We need to take hold of John McCain’s legacy

Our campus should look to the late Senator in order to fix civil discourse

U.S. Senator John McCain passed away on Saturday, August 25 at the age of 81 after a long battle with brain cancer. He will be remembered as a war hero, a two-time presidential candidate and a maverick of the Senate. McCain crossed party lines both literally and figuratively on the Senate floor – something we rarely see in 2018. McCain was at times the sole reminder of the days before the Tea Party and hyperpolarized party politics. Although I disagree with McCain’s devotion to Reaganomics and his support for defunding Planned Parenthood, I will greatly miss his dedication to bipartisan discourse.
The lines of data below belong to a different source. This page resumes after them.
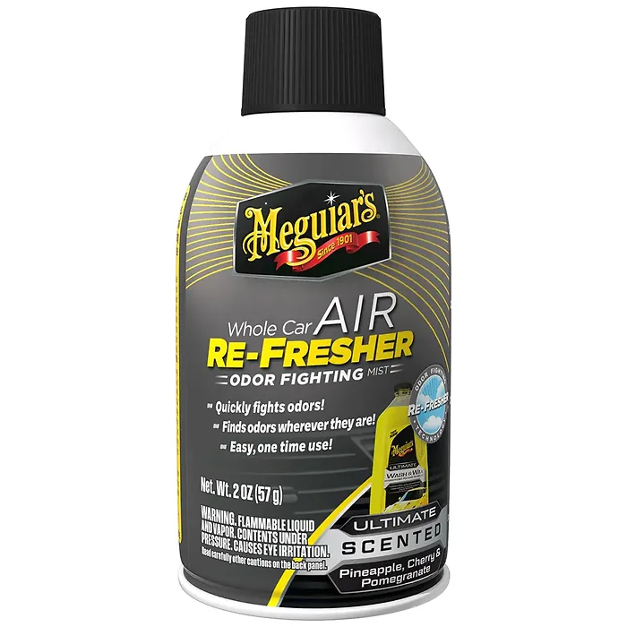 Maybe the inside of your car has unwanted smells, or maybe it’s just a little bit less than fresh. Either way, we have the perfect solution with Meguiar’s Air Re-Fresher Odor Fighting Mist Ultimate Scent. This premium car air freshener instantly fights odors while leaving behind a long-lasting, refreshing scent that reminds you of premium scents like pineapple, cherry, and pomegranate. It works great at fighting smells like cigarette smoke, food odors, workout gear, and more!
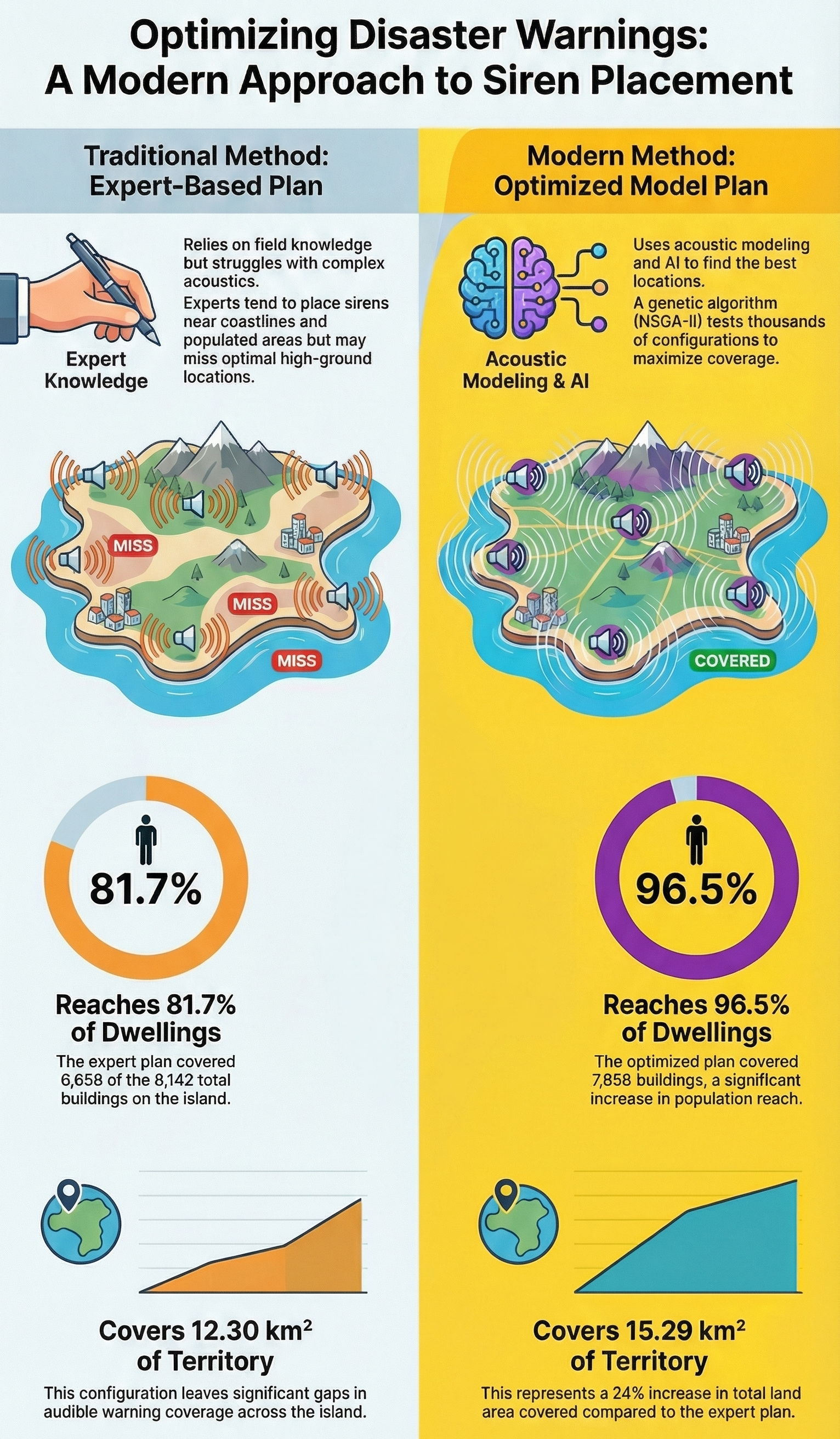 A comparison of Traditional Expert-Based planning vs. AI-driven optimization (NSGA-II) for siren placement. The Modern Method increased dwelling coverage from 81.7% to 96.5%.
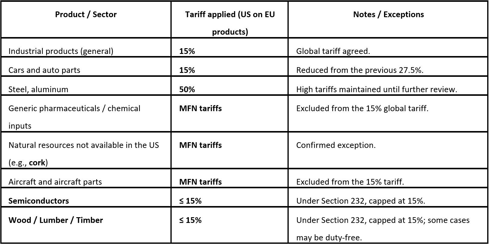 sui prodotti farmaceutici, i semiconduttori, il legname, le automobili e le parti di automobili dell'UE saranno ridotte in base al Quadro. Per l'acciaio, l'alluminio e i prodotti derivati, le parti esamineranno misure per gestire l'eccesso di capacità e garantire al contempo catene di approvvigionamento sicure.
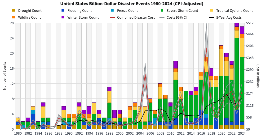 The frequency of storm-related weather and climate disasters exceeding $1 billion USD in damages has risen markedly, reflecting the growing impact of extreme weather events…
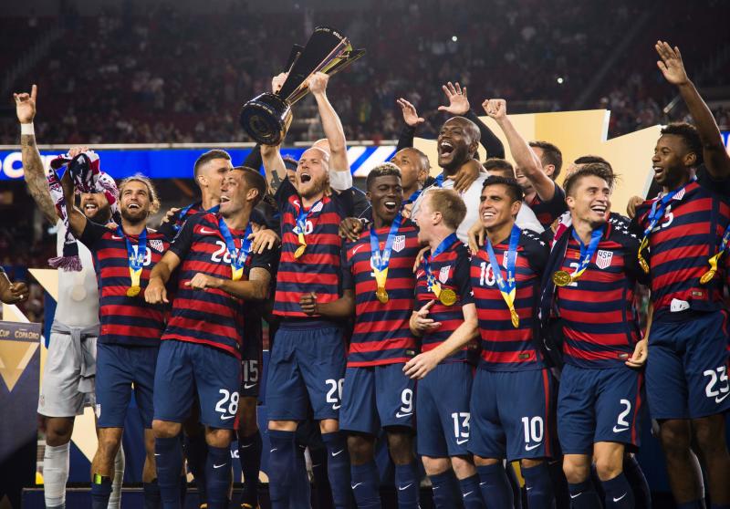 USA team captain Michael Bradley holds up the trophy as he celebrates with teammates after USA defeated Jamaica 2-1 in the 2017 CONCACAF Final.
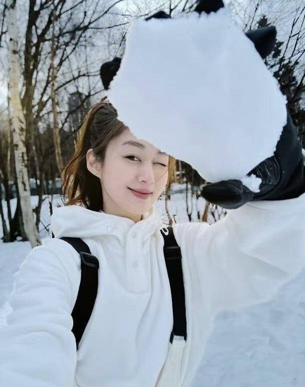 岑丽香置身于一片雪地中,她戴着手套捧起一个大雪球,看起来玩心大发,照片的视角似乎来自她老公,若真是如此,还真的要盛赞一下男方的拍摄技术。
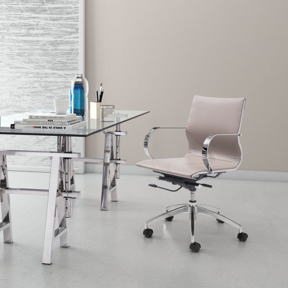 Glider low back office chair features a slim yet comfortable profile with added lumbar support, soft leatherette upholstery and chrome arms. You will sit in elegant fashion as smooth glides create effortless motion. Tilting mechanism and seat height are both adjustable as hydraulic piston sit on metal star base to seamlessly glide you into place. Color options are black, white, gray/taupe leatherette.
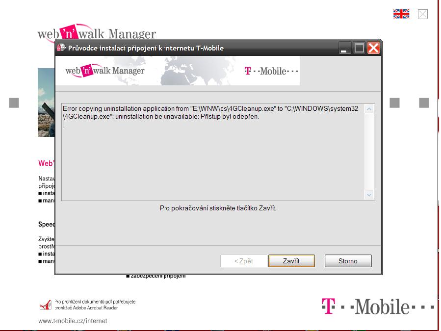 kdyz vlozim instalacni cd,spustim pruvodce instalaci pripojeni k internetu T-mobile objevi se tato chyba (viz.obrazek 1) ale pokracoval jsem v instalaci a pri instalaci se ukaze dalsi chyba (viz.obrazek 2) zkusil jsem instalaci zopakovat a probehlo to v pohode ale pak kdyz jsem se chtel pripojit k internetu objevilo se toto (viz. obrazek 3)..nevite co a jak nastavit at by to fungovalo???Dekuji za pomoc
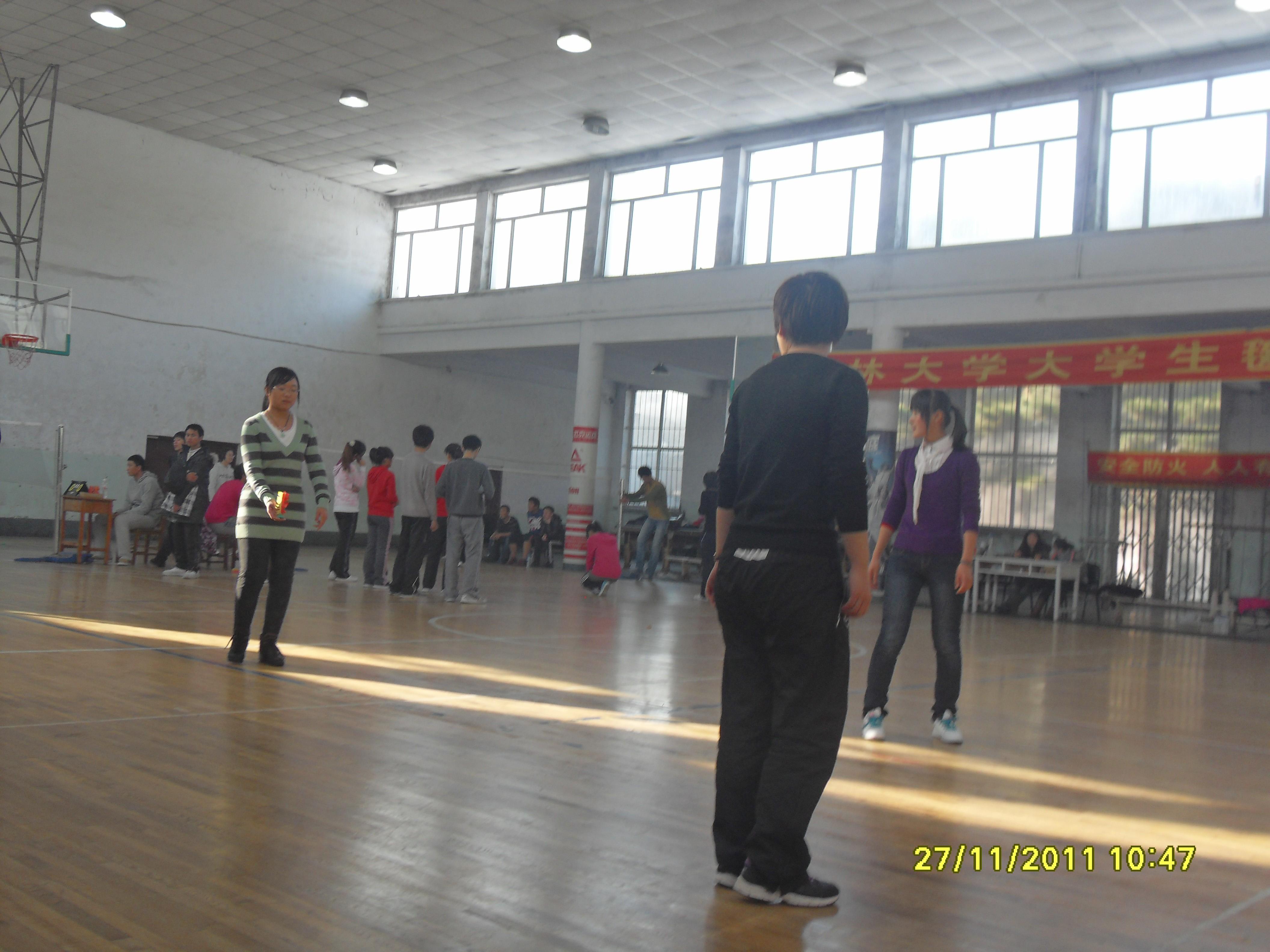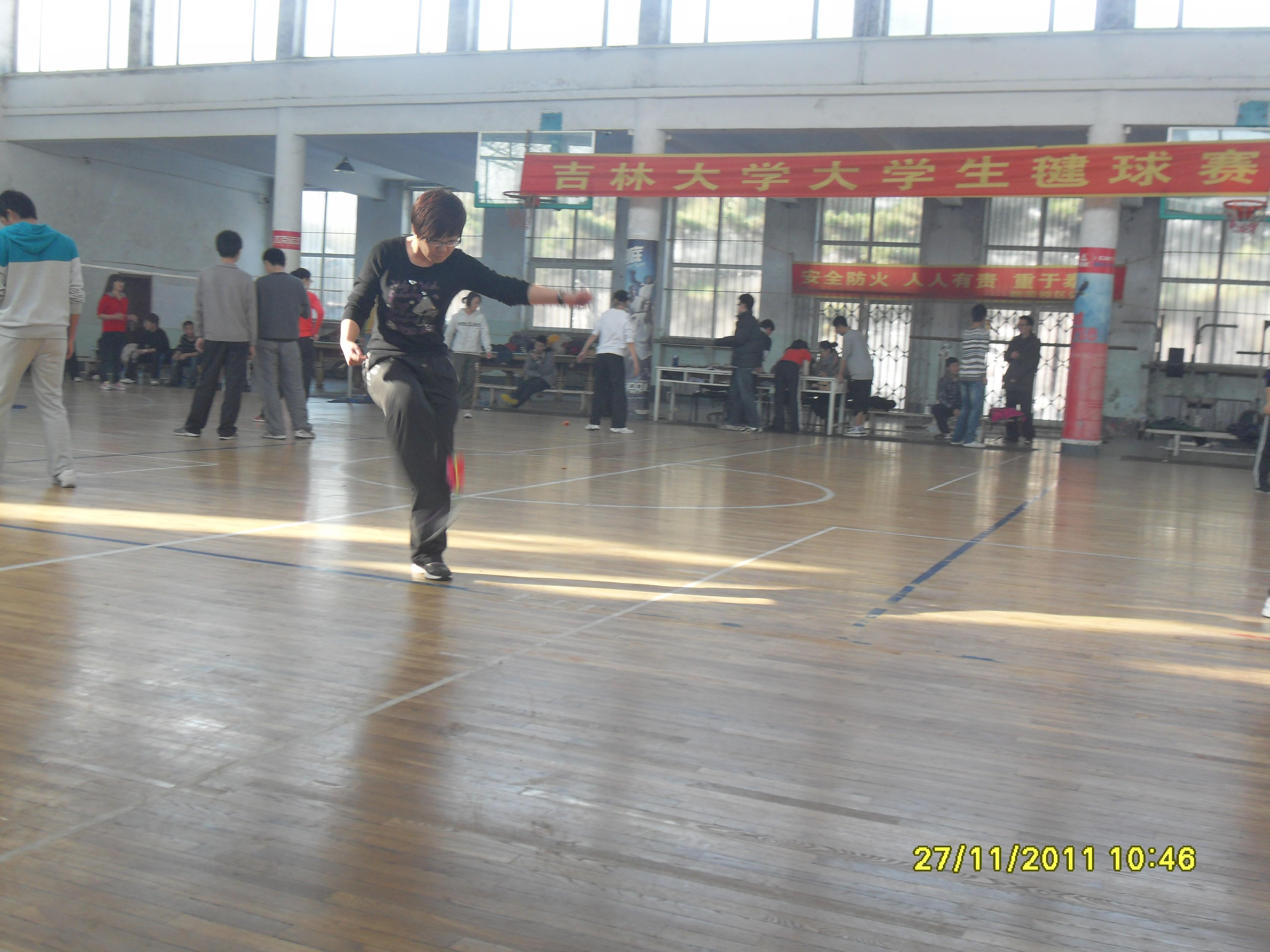 2011年suncitygroup太阳成集团第十一届员工毽球公开赛于2011年11月26至27日在朝阳校区体育馆举行,本次比赛,suncitygroup太阳成集团选派2011级李秋怡、吕艳妮、张焕焕、刘梦婉、韩哲鑫、郑晖、王桥、吴天峰等八名同学参赛,在男子单人赛和女子单人赛中,吴天峰、吕艳妮分别以小组第一晋级下一轮,并最终进入16强;在女子三人赛中李秋怡、吕艳妮、张焕焕以小组第二晋级并最终取得第三名,韩哲鑫、郑晖、王桥在男子三人赛中取得第六名的好成绩。

As we – liberals and conservatives alike – mourn the loss of John McCain, we are reminded of how far our nation has spiraled into a pit of factional lunacy. It took the death of this great American for current Republican Senate Leader Mitch McConnell (R-KY) and Democratic Senate Leader Chuck Schumer (D-NY) to publicly agree on something. They both issued public statements that spoke to McCain’s tremendous leadership, dedication to the United States and fundamental skills as a patriot who served our nation for over 60 years. It was a breath of fresh air. Two men who constantly disagree took the time to recognize an amazing man who put discourse and compromise before his party.

John McCain has learned to stick to his values, often bucking partisan norms. He was one of few Republican to oppose George W. Bush’s tax cut package, claiming they were crafted for big money special interests. Manifesting those same principles, he worked with staunch liberal Russ Feingold (D-WI) to pass the McCain-Feingold Act, which worked to restrict outside corporate spending in political campaigns. Through the end of his career, he continued to oppose party norms, most notably sinking the Republican effort to undermine the Affordable Care Act. Along with opposing Republican legislative initiatives, McCain also took many stands against the most visible Republican leader, Donald J. Trump.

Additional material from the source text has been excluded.